Exercise objective » For this exercise, output exactly and only the lines running from the one with "Желточники в виде" through the final line of the data below, without pictures.

Collected data »
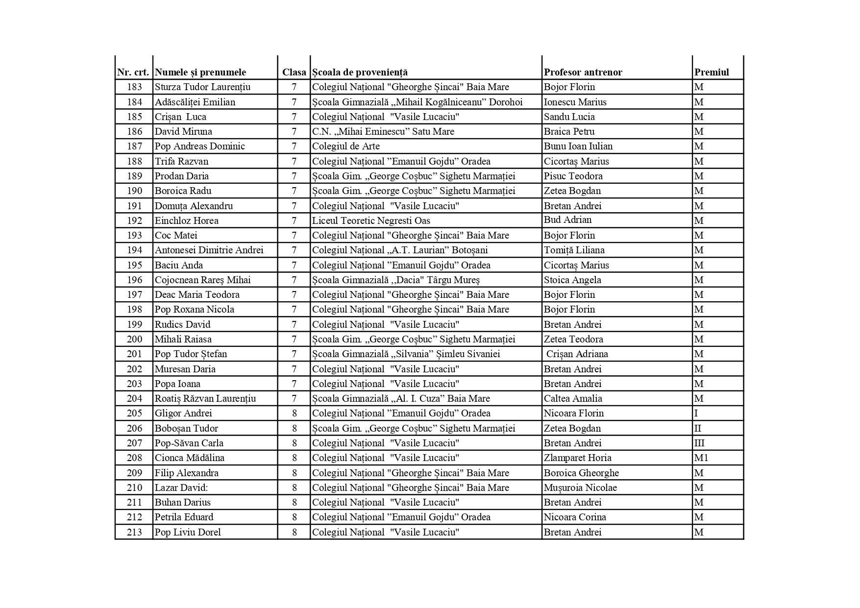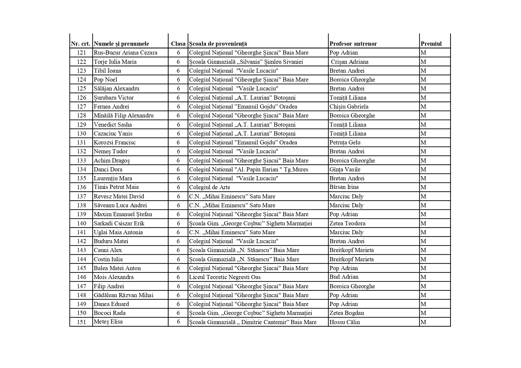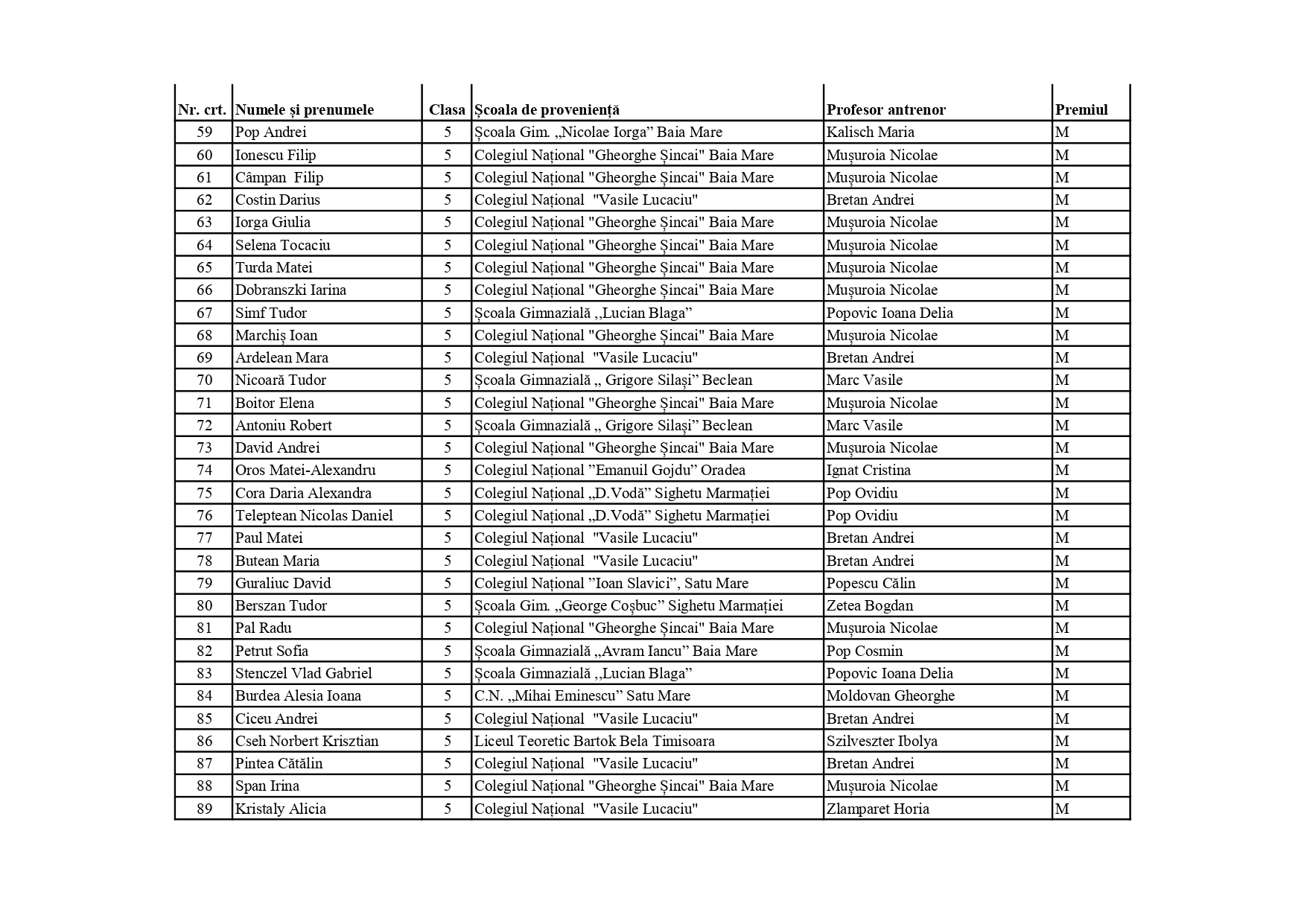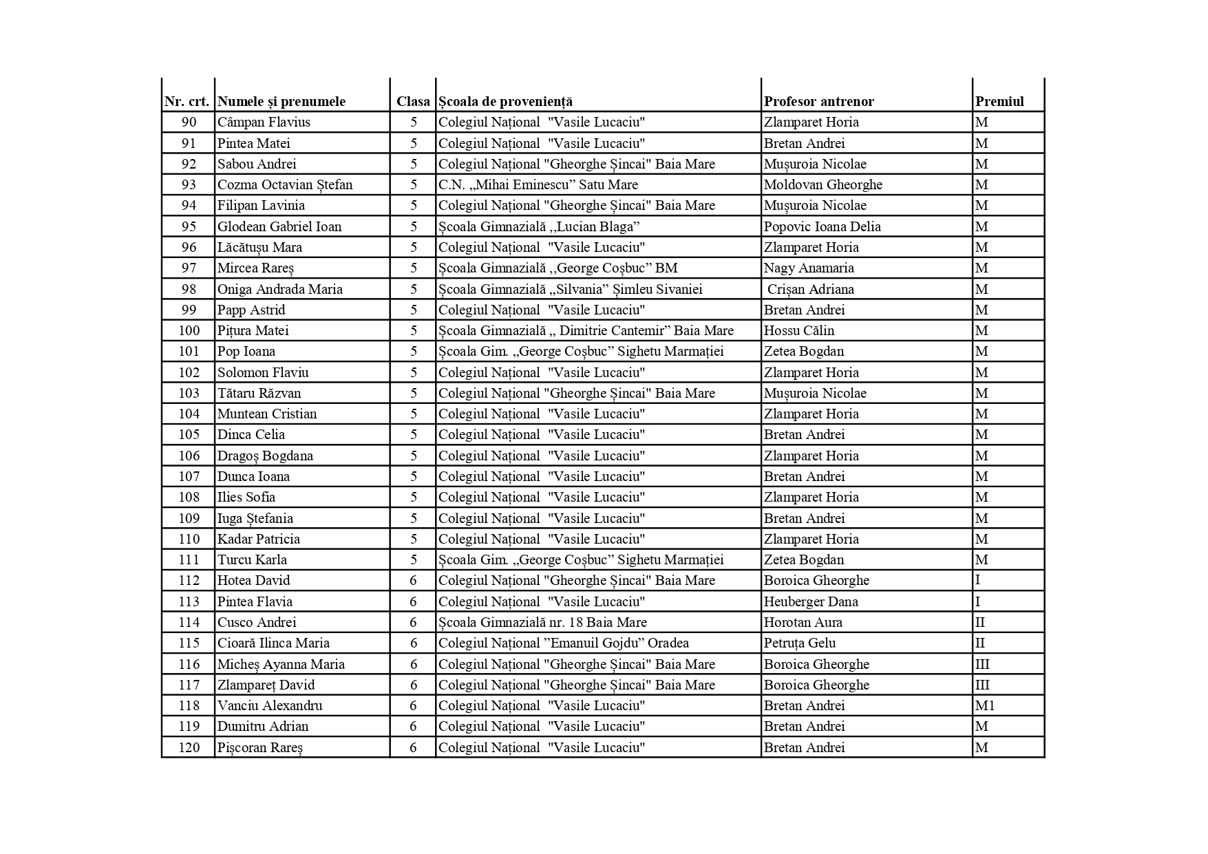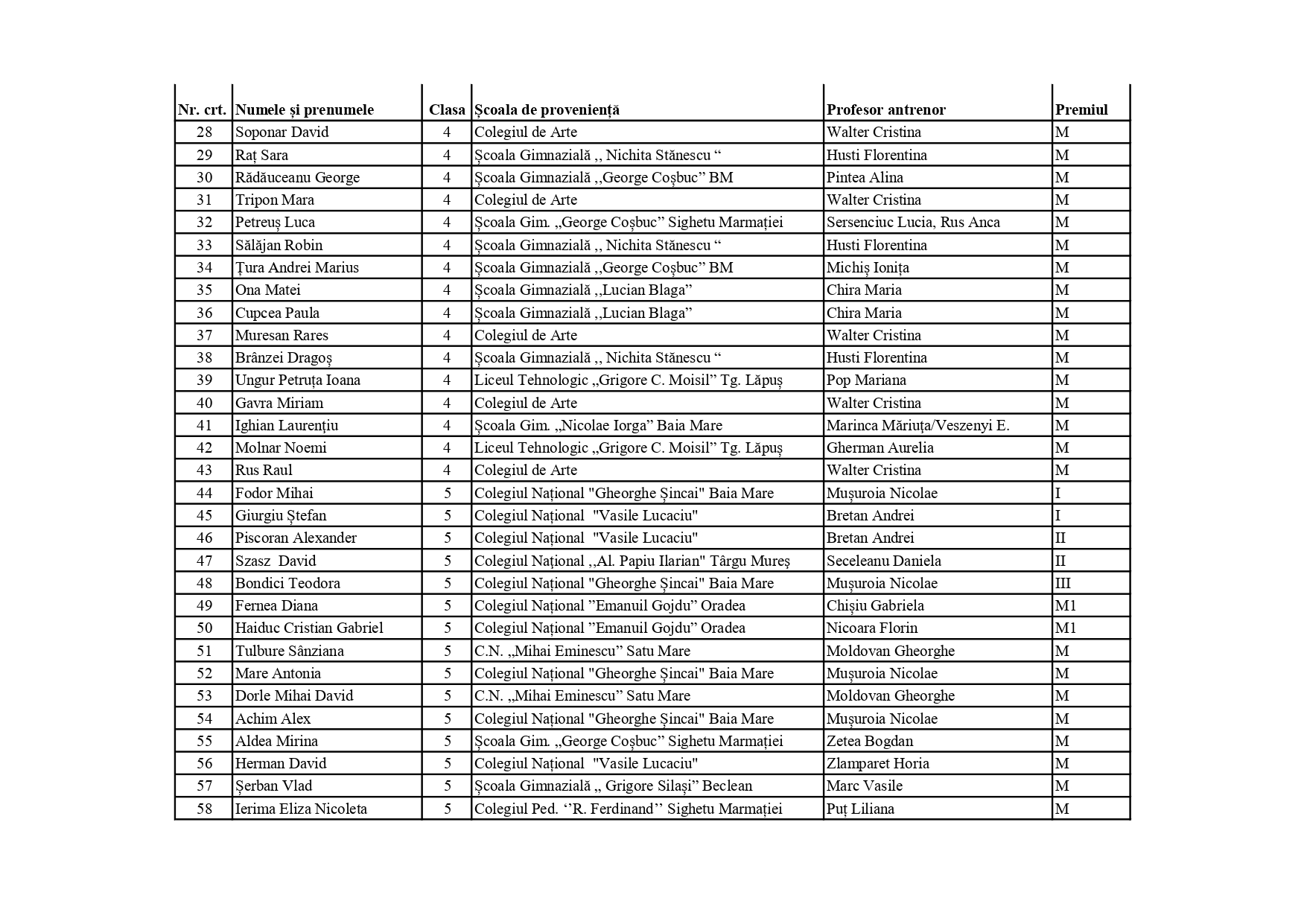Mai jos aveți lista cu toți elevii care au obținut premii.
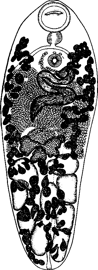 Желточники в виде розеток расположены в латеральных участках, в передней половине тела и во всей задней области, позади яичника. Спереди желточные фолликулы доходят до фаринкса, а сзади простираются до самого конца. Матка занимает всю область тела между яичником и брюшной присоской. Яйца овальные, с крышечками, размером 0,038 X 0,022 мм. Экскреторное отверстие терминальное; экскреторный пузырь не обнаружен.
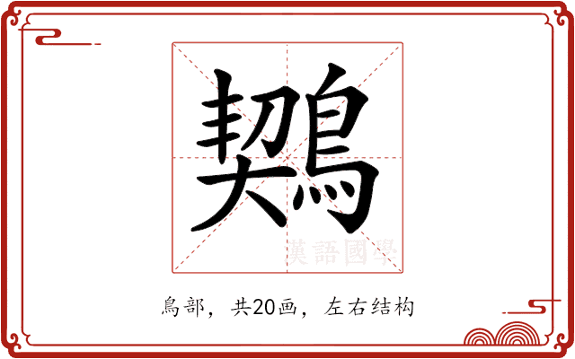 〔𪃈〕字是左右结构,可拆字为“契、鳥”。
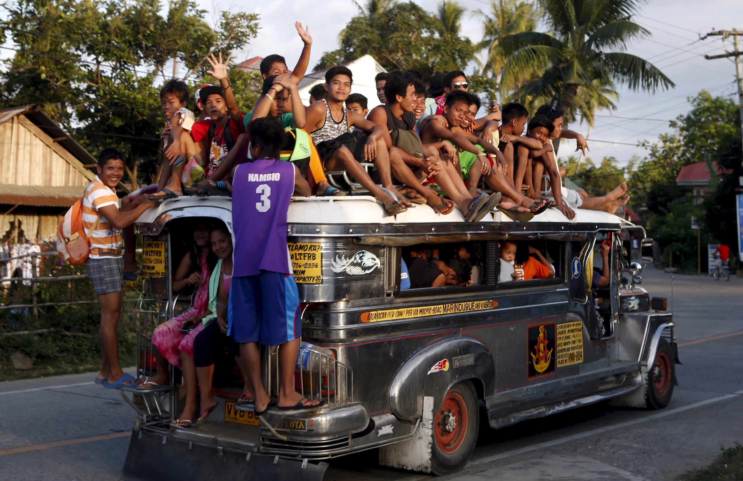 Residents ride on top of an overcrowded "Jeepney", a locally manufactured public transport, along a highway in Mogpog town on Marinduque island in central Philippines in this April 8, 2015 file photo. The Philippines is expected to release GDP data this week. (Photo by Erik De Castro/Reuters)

Answer »
 Желточники в виде розеток расположены в латеральных участках, в передней половине тела и во всей задней области, позади яичника. Спереди желточные фолликулы доходят до фаринкса, а сзади простираются до самого конца. Матка занимает всю область тела между яичником и брюшной присоской. Яйца овальные, с крышечками, размером 0,038 X 0,022 мм. Экскреторное отверстие терминальное; экскреторный пузырь не обнаружен.
 〔𪃈〕字是左右结构,可拆字为“契、鳥”。
 Residents ride on top of an overcrowded "Jeepney", a locally manufactured public transport, along a highway in Mogpog town on Marinduque island in central Philippines in this April 8, 2015 file photo. The Philippines is expected to release GDP data this week. (Photo by Erik De Castro/Reuters)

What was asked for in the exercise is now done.